Par ailleurs, comme je me sépare souvent des coquillages que j’ai en trop en les exposant sur un site de vente aux enchères, j’ai pu faire la connaissance de divers types d’acheteurs. Il y a celui qui a aussi peu de sous que moi, et qui établit ses commandes avec les soins les plus minutieux. Il y a ceux qui, loin de tout souci financier, désespèrent le monde en posant une enchère qui écrase tout dès le début, bien certains qu’une bonne outrance clôt toujours le bec à la concurrence. Quand deux de ces fauves s’empoignent, le vendeur peut s’attendre à faire un joli gain. L’un de ces grands acheteurs entasse les paquets qu’il reçoit, et m’avoue n’avoir pas le temps de les ouvrir – il anime une émission sur une chaîne de télévision dans le Benelux, ce qui explique sa vie trépidante. Avec beaucoup de ces gens je noue des relations d’amitié ou de camaraderie, basée sur l’estime : leurs études et leurs amours sont respectables, harmonieuses, éclairées et sereines. Ils sont fertiles et m’aident souvent dans mes identifications. Les compulsifs sont rares, et on essaie en général d’établir des circuits parallèles pour éviter qu’ils se manifestent et interceptent.

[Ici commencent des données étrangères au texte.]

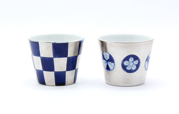 ・銀彩染付フリーカップ(小)市松・丸紋2種セット

Quant au lectorat rêvé du présent ouvrage, j’imagine avec plaisir qu’il s’agit d’un jeune humain qui, ouvrant au hasard les titres de ce fichier, tombera en arrêt devant une coquille qui lui parlera et lui chuchotera les mille promesses, qui toutes seront tenues, que la mer offre à celles et ceux qui la regardent avec les yeux d’enfants du vieux pêcheur dont il est question dans la postface.